As you can see in the above graph, this is true. Note that the label for each Oiler is aligned to the right of the point that represents them. The correlation between 2020 OISV% and 2021 OISV% among defencemen is approximately zero (it’s r = -.009). It is impossible to predict a defenceman’s OISV% from their previous year’s OISV%. So, by that metric, you’d expect players to regress toward the mean (and you’d take the blame for a low OISV% off of the player). As you can see, of Oilers defencemen, Jones has the worst 2021 OISV%, and is in the bottom 12 of the entire league.

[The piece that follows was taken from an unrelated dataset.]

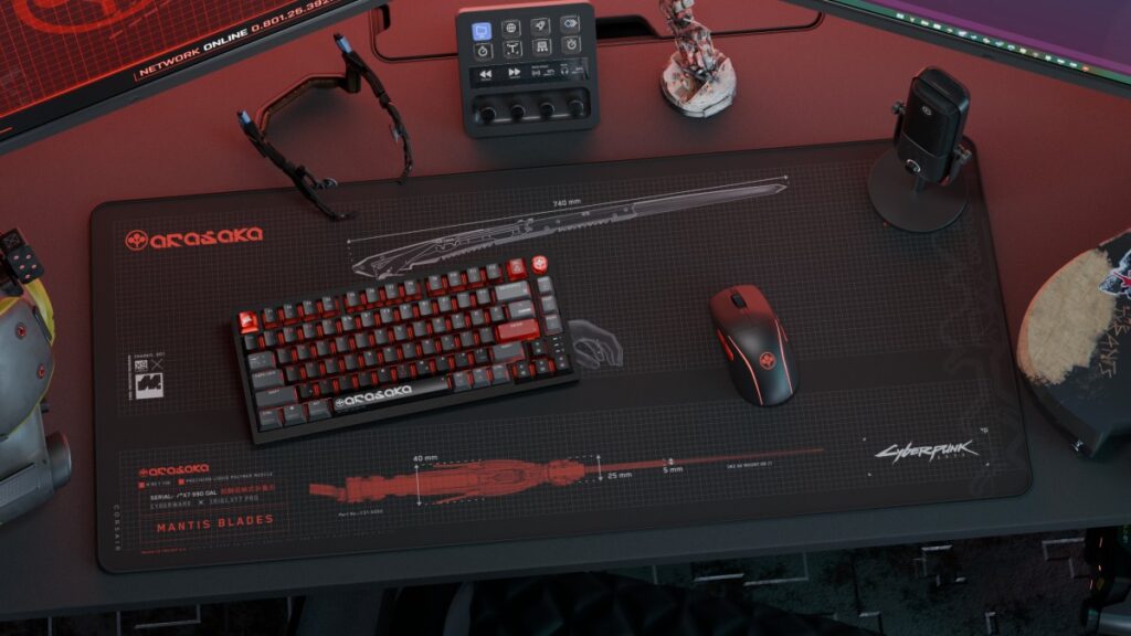 Rounding out the lineup is the MM300 2XL Anti Fray Cloth Gaming Mouse Pad. It covers a large desk area and features detailed schematics of Arasaka’s Mantis Blade cyberware.

But, as I’ve argued both on Twitter and in person, certain types of players (i.e., those that are poor defensively) are going to be more likely to give up higher quality scoring chances, and from that you’d expect a lower OISV%. Importantly, you wouldn’t necessarily expect that from players who are on the ice for the most expected goals against, nor from the players who give up the greatest number of high-danger chances. Why? Because OISV% is by definition a ratio. A player who gives up a large number of high-danger scoring chances might also give up a proportionately large number of low-danger chances, leaving the percentage of those chances that go in the net unchanged. This would, however, lead to a higher expected goals against, as that stat is cumulative. The measure that one might expect to impact OISV% might be something like ‘percentage of chances against that are high danger chances.’ In that instance, you might expect a defenceman who gives up more high danger chances, but not more total chances, to have a low OISV%. And you’d generally be right if your assessment was that a defenceman of that description isn’t very good. So, let’s start there.

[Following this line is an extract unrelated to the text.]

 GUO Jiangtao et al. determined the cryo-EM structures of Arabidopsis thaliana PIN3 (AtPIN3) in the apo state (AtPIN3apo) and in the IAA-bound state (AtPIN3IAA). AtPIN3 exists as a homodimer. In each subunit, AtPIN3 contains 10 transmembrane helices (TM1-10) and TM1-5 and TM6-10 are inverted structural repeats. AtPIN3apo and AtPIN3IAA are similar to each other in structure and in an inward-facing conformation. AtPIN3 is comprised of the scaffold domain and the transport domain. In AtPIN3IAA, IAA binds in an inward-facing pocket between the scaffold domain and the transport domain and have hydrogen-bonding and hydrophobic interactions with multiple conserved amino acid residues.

I calculated a variable that is High-Danger Chances/Total Chances; let’s call it average Chance Quality Against. Another way you could reasonably do this is Expected Goals Against/Total Shots Against, or expected goals per shot, but I’ve arbitrarily chosen the former. There are a few questions we can answer with this variable, the first of which is a test of concept: ‘do defencemen who have high Chance Quality Against have low OISV%?’ Or, is there a negative correlation between these two variables?
A few things to point out:
- Yes, defencemen who give up a greater proportion of high danger chances have a lower OISV%.
- In each of the last two seasons, Caleb Jones has the highest Chance Quality Against of any regular Oiler not named Tyson Barrie.
- The correlation is quite a bit smaller this year than last year. I assume this is at least in part due to the smaller sample size because of the shortened season. Visually, it would seem that the points are slightly more spread around this year.
- There seems to be a pattern as to which Oilers are above and below the line of best fit here. Keep these last two points in mind, as I’ll try to address them in Part 2.
So, yes, there seems to be something to my notion that OISV% is not fully separable from player performance. In fact, you could argue that a correlation of ~ -.3 is actually an indicator that defenceman performance has a reasonably strong influence on OISV% when you factor in that we are predicting save percentage without any information about the quality of the goaltender. That is, we can predict about 8.5% (our 2020 correlation, .3, squared) of the variance in save percentage based only on one of the two defencemen on the ice and without any variable corresponding to goaltending. You could reasonably spin this either way, and I’ll get to the question of what happens when you factor in goalie performance (stay tuned for part 2 next week), but first, let’s establish how consistent a measure Chance Quality Against is. Even though OISV% doesn’t correlate year-to-year, does Chance Quality Against?
Yes, it pretty clearly does, and this makes sense. It stands to reason that defencemen who leak high quality chances do so consistently. That is, some defencemen are better defensively than others. This is not a ground-breaking discovery. But, given Chance Quality Against is a predictor of OISV%, and Chance Quality Against is at least relatively stable year-by-year, one can reasonably infer that those who suffer low OISV% have done so at least partially because of their own performance. In other words, it may be the case that Caleb Jones’s goal numbers are deflated by a low OISV%, but it is also true that he’s on the ice for a greater proportion of high quality scoring chances against, and as we saw, this is associated with a lower OISV% NHL-wide. So Jones’s low OISV% is probably at least partially due to his own defensive performance.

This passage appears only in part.